[PATCH net v3 1/1] net: hsr: limit node table growth

public inbox for netdev@vger.kernel.org
 help / color / mirror / Atom feed

* [PATCH net v3 1/1] net: hsr: limit node table growth
@ 2026-04-21 14:50 Ren Wei
  2026-04-21 15:18 ` Andrew Lunn
  2026-04-22  8:31 ` Felix Maurer
  0 siblings, 2 replies; 5+ messages in thread
From: Ren Wei @ 2026-04-21 14:50 UTC (permalink / raw)
  To: netdev, Felix Maurer, Sebastian Andrzej Siewior
  Cc: davem, edumazet, kuba, pabeni, horms, kees, kexinsun, luka.gejak,
	Arvid.Brodin, m-karicheri2, yuantan098, yifanwucs, tomapufckgml,
	bird, xuyuqiabc, royenheart, n05ec

From: Haoze Xie <royenheart@gmail.com>

The HSR/PRP node learning paths allocate one persistent entry per
previously unseen source MAC. Since learned entries stay alive until the
prune timer catches up, the node tables can otherwise grow without a
bound under high churn of learned senders.
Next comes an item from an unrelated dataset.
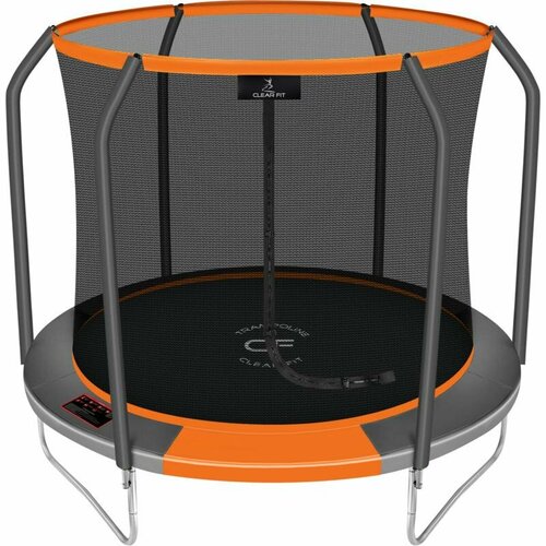 Каркасный батут с защитной сеткой Clear Fit серии OrangeHop — отличаются комфортом и надежностью. Надежная рама из качественных комплектующих, прочная защитная сеть снабжена прямым креплением к прыжковому полотну и дополнительной защитой входа, наверху каркасное жесткое крепления, сеть не провисает и не слетает во время тренировок. Увлекательный, полезный и безопасный тренажер для всей семьи. Батуты серии OrangeHop 6Ft и 8Ft поставляются в оптимальной для комфорта и безопасности комплектации: батут, верхняя защитная сеть и защитный мат. Размер батута 8 футов с прыжковой поверхностью 2.015 м легко разместить на любом участке, он подойдет и для детских игр, и для тренировок. Верхняя защитная сеть оберегает от падений, усиленная молния и дополнительная защита входа уберегут малышей от случайного входа или падения. Надежный каркас из гальванизированной стали, качественные комплектующие и погодостойкие метизы рамы делают батут безопасным, устойчивым, надежным, гарантируют полную защиту от коррозии и долгий срок службы. Максимальный вес пользователя батута OrangeHop 8Ft — до 120 кг. Батуты OrangeHop предназначены не только для детских игр, но и для фитнеса. Благодаря инновационной системе крепления защитной сети значительно увеличено рабочее пространство и надежность конструкции. Тренировки на батуте — это отличная аэробная нагрузка: улучшение общей физической формы, заряд положительных эмоций, улучшение работы кардиоваскулярной системы, развитие чувства равновесия и координации в пространстве для пользователей любого возраста. Занятия на свежем воздухе укрепляют иммунитет, снабжают организм кислородом, повышают выносливость как у детей, так и у взрослых. Именно поэтому мы используем только высококачественные комплектующие с большим запасом прочности. В большинстве случаев батуты данного типа устанавливаются под открытым небом, обязательные требования к материалам — это влагостойкость, термоустойчивость, в том числе и к низким температурам, переносимость ультрафиолетовых лучей и износостойкость. Конструкция для обеспечения безопасности выполнена из гальванизированной стали, диаметр стальных труб W-опор 34 мм и каркаса 38 мм. Каркас из труб толщиной 1.2 мм легко соединяется, опоры крепятся в приваренные к каркасу основания, все соединения изготовлены из высококачественных гальванизированных метизов. Качественная оцинковка всех труб конструкции исключает коррозию, увеличивает срок эксплуатации батута. Прыжковое полотно — это основной элемент батута. Материал прыжкового полотна Перматрон (Permatron) — эластичный материал, способный возвращаться в исходное состояние при постоянном воздействии с разным усилием. Термообработка волокон материала обеспечивает высокую прочность на разрыв и стрессоустойчивость материала. Это влагостойкий, эластичный термоустойчивый материал, не поддающийся распаду от ультрафиолета. Пружины выполнены из гальванизированной стали толщиной 3 мм, устойчивы к коррозии и долговечны, длина пружин 140 мм, для батута размером 8 футов.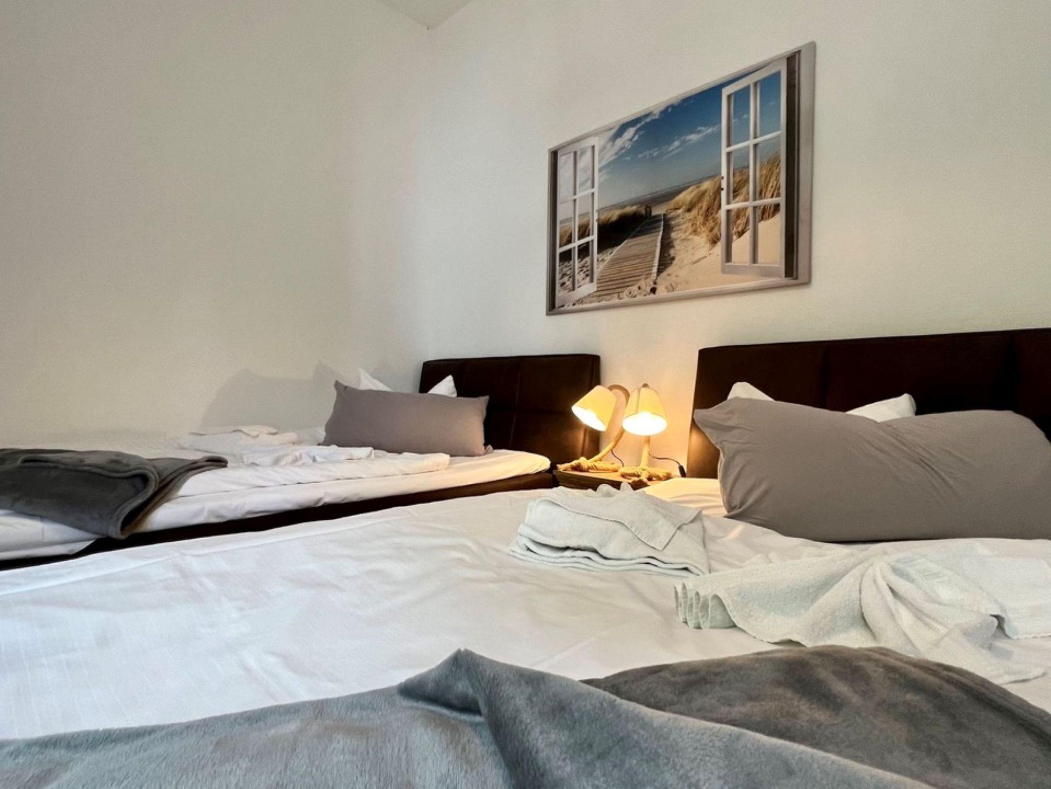 Die Wohnung 7 in der Villa Sonneck sorgt durch die zwei separaten Schlafbereiche für genügend Privatsphäre im Familienurlaub.[nbsp] Eines der beiden Schlafzimmer ist mit einem Doppelbett, einem TV und einem großzügigen Kleiderschrank ausgestattet, der zweite Schlafbereich bietet 2 Einzelbetten.

Limit the number of learned entries in each node table and stop adding
new ones once the configured limit is reached. This keeps node-table
resource use bounded across the affected learning paths.

Fixes: f421436a591d ("net/hsr: Add support for the High-availability Seamless Redundancy protocol (HSRv0)")
Fixes: 451d8123f897 ("net: prp: add packet handling support")
Cc: stable@kernel.org
Reported-by: Yuan Tan <yuantan098@gmail.com>
Reported-by: Yifan Wu <yifanwucs@gmail.com>
Reported-by: Juefei Pu <tomapufckgml@gmail.com>
Reported-by: Xin Liu <bird@lzu.edu.cn>
Tested-by: Yuqi Xu <xuyuqiabc@gmail.com>
Signed-off-by: Haoze Xie <royenheart@gmail.com>
Signed-off-by: Ren Wei <n05ec@lzu.edu.cn>
---
changes in v3:
- replace the v2 learning-suppression approach with direct node-table growth limiting
- add a node_table_size module parameter and stop learning new entries once each table reaches the configured limit
- fix the full-table handling so failed learning returns NULL instead of reusing an existing node
- v2 Link: https://lore.kernel.org/all/b053e938014c9bac22f7f687ecc2970f23a2b74a.1775281843.git.royenheart@gmail.com/

changes in v2:
- generalize the fix beyond PRP SAN traffic and cover HSR/PRP tagged sender floods
- decide whether learning is needed from local-exclusive delivery instead of protocol-specific SAN checks
- use the normal NULL return semantics from hsr_get_node() instead of ERR_PTR-based error plumbing
- skip duplicate-discard state checks when no node state exists
- v1 Link: https://lore.kernel.org/all/9c88b4b7844f867d065e7a7aba28b2c026386168.1775056603.git.royenheart@outlook.com/

 net/hsr/hsr_framereg.c | 26 ++++++++++++++++++++++----
 1 file changed, 22 insertions(+), 4 deletions(-)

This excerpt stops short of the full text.